=== Begin Enclosure ===
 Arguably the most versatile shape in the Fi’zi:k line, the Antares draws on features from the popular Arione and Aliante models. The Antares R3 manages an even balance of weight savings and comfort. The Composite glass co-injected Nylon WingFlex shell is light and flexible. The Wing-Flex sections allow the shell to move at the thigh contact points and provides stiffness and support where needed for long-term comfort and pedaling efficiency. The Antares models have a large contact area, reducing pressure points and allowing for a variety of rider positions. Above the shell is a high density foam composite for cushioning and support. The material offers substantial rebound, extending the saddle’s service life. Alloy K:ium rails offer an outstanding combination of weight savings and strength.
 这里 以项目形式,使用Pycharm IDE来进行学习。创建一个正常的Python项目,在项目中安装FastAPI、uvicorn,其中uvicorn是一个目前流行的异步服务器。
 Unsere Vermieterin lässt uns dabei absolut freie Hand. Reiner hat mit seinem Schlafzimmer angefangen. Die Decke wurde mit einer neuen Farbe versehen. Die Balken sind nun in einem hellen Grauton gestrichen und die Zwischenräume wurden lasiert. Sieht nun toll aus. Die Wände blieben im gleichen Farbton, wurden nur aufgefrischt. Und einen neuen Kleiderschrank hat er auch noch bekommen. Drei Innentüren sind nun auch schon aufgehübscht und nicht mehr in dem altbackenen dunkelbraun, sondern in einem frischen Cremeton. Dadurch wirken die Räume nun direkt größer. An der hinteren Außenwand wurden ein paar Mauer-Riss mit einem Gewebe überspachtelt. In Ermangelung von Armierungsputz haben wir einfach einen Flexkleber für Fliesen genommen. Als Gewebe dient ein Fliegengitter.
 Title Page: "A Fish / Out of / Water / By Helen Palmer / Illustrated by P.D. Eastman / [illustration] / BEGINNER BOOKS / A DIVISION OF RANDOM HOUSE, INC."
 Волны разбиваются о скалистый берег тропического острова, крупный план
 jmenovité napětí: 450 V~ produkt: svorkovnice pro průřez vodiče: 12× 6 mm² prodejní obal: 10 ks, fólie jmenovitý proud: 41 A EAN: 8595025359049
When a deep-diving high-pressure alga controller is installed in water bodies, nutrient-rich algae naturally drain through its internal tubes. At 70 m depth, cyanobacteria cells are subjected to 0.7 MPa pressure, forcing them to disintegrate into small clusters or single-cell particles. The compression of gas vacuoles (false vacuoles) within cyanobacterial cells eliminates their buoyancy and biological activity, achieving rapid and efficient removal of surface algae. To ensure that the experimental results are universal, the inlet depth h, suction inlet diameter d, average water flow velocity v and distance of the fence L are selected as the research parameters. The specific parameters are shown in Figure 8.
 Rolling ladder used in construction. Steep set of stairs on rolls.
=== End Enclosure ===
=== Begin Enclosure ===
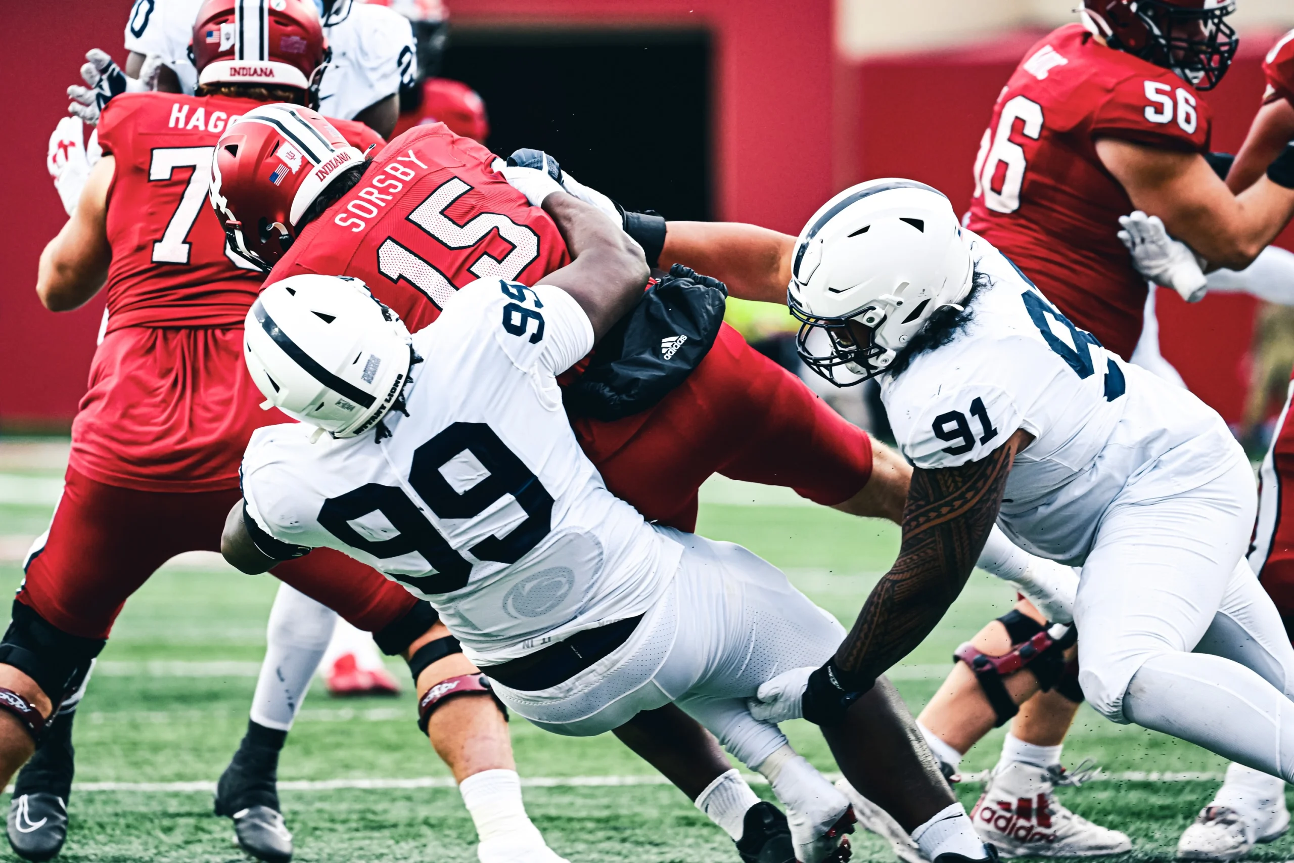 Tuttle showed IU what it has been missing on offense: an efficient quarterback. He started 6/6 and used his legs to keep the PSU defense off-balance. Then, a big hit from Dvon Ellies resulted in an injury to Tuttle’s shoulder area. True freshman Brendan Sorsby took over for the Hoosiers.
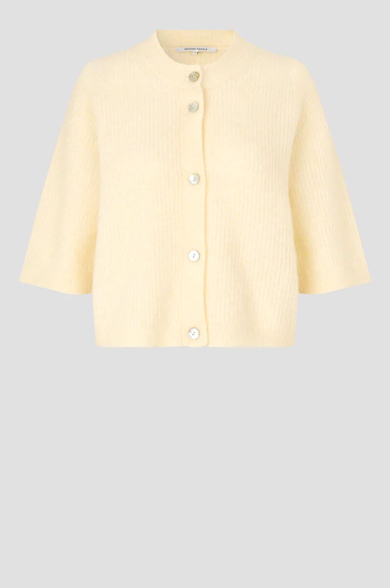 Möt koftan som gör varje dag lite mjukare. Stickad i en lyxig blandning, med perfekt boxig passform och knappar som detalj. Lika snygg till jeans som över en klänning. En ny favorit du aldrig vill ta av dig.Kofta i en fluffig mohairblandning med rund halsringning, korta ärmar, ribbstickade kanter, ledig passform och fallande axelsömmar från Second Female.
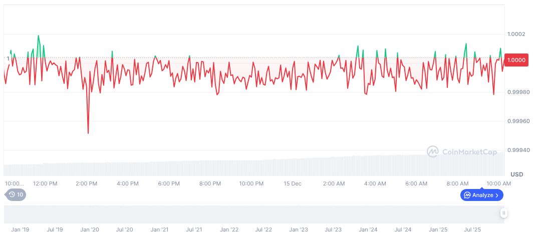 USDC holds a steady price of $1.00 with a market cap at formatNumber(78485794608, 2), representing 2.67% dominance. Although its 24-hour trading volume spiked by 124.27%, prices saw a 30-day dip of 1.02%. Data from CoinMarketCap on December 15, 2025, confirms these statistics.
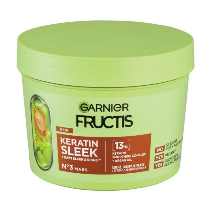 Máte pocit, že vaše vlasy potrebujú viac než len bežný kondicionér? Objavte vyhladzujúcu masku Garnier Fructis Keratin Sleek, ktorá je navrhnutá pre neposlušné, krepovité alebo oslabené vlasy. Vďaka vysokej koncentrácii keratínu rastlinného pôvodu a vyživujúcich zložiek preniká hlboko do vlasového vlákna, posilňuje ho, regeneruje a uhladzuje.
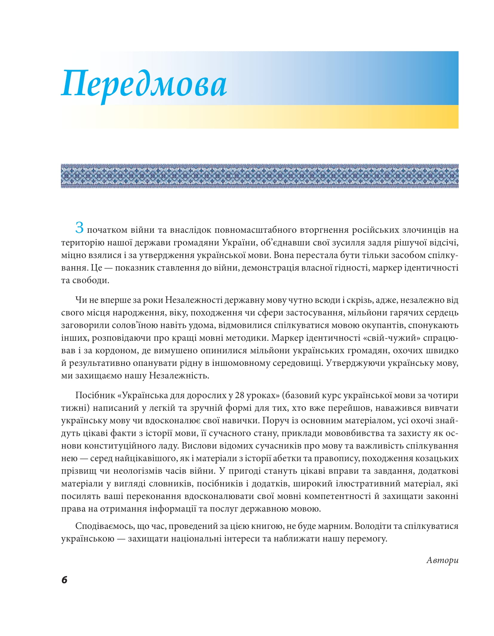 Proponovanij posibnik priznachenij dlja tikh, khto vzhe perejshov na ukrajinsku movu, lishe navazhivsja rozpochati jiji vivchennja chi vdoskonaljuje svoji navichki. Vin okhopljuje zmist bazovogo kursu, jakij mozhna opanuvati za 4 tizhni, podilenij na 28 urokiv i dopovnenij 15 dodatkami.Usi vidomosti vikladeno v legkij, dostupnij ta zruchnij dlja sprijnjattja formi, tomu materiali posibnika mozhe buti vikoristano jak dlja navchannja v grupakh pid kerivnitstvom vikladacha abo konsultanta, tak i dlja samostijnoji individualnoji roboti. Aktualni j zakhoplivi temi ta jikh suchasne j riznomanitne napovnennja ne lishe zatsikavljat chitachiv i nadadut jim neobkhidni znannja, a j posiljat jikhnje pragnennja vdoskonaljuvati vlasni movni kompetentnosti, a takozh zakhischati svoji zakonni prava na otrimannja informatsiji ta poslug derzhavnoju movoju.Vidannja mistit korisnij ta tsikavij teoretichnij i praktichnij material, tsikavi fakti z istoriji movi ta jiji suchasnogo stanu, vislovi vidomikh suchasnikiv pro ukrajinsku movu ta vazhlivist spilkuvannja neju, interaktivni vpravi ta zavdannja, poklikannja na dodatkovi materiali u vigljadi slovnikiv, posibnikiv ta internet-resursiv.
=== End Enclosure ===
What this task involves: In the listing above, find the line with "USDC holds a" and the line with "Máte pocit, že". Transcribe those two and everything between, exactly, leaving out pictures.

Answer box:
 USDC holds a steady price of $1.00 with a market cap at formatNumber(78485794608, 2), representing 2.67% dominance. Although its 24-hour trading volume spiked by 124.27%, prices saw a 30-day dip of 1.02%. Data from CoinMarketCap on December 15, 2025, confirms these statistics.
 Máte pocit, že vaše vlasy potrebujú viac než len bežný kondicionér? Objavte vyhladzujúcu masku Garnier Fructis Keratin Sleek, ktorá je navrhnutá pre neposlušné, krepovité alebo oslabené vlasy. Vďaka vysokej koncentrácii keratínu rastlinného pôvodu a vyživujúcich zložiek preniká hlboko do vlasového vlákna, posilňuje ho, regeneruje a uhladzuje.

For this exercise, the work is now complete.